## What is required
Taking only the lines of the data below from the line with "Persiana Enrollable Impresa" to the line with "Sandy White Aluminium", ends included, write them out exactly and without pictures.

## The input
• • •
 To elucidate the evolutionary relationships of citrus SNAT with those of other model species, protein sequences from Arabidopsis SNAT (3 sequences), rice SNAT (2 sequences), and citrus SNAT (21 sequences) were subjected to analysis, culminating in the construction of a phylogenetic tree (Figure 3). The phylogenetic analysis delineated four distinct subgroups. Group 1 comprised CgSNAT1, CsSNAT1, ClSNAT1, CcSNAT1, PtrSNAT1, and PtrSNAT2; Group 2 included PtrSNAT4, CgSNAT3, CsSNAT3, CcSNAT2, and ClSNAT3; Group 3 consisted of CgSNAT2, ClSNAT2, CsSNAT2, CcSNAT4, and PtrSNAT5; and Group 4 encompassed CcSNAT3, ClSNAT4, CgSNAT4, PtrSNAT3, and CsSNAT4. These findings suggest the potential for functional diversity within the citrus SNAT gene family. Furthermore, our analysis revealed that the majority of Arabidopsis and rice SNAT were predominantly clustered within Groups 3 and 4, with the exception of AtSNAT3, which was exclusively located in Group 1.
• • •
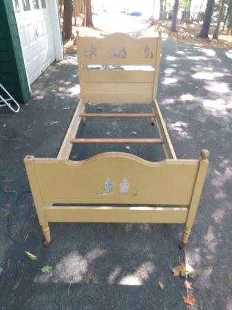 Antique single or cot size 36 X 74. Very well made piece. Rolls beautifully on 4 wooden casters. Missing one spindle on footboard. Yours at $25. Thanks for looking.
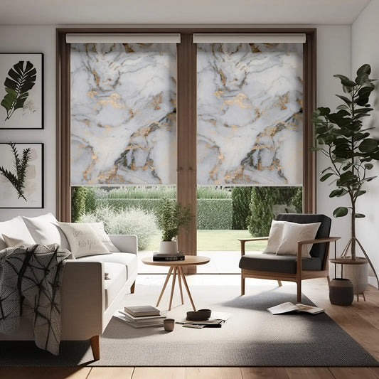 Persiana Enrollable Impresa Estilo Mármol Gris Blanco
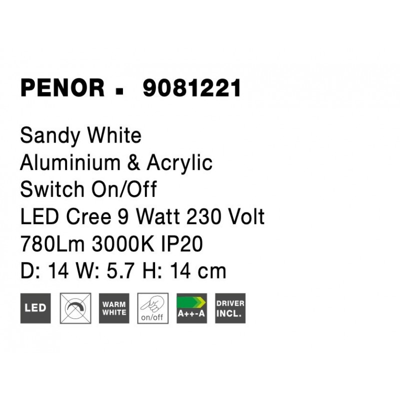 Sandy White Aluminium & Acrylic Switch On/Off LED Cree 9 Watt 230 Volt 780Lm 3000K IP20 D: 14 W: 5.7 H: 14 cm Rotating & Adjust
• • •
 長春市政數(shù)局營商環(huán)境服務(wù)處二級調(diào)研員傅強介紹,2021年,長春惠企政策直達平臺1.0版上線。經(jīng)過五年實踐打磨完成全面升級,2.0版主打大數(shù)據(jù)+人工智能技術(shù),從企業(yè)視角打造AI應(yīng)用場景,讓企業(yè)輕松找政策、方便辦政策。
• • •
## Output of the task
 Persiana Enrollable Impresa Estilo Mármol Gris Blanco
 Sandy White Aluminium & Acrylic Switch On/Off LED Cree 9 Watt 230 Volt 780Lm 3000K IP20 D: 14 W: 5.7 H: 14 cm Rotating & Adjust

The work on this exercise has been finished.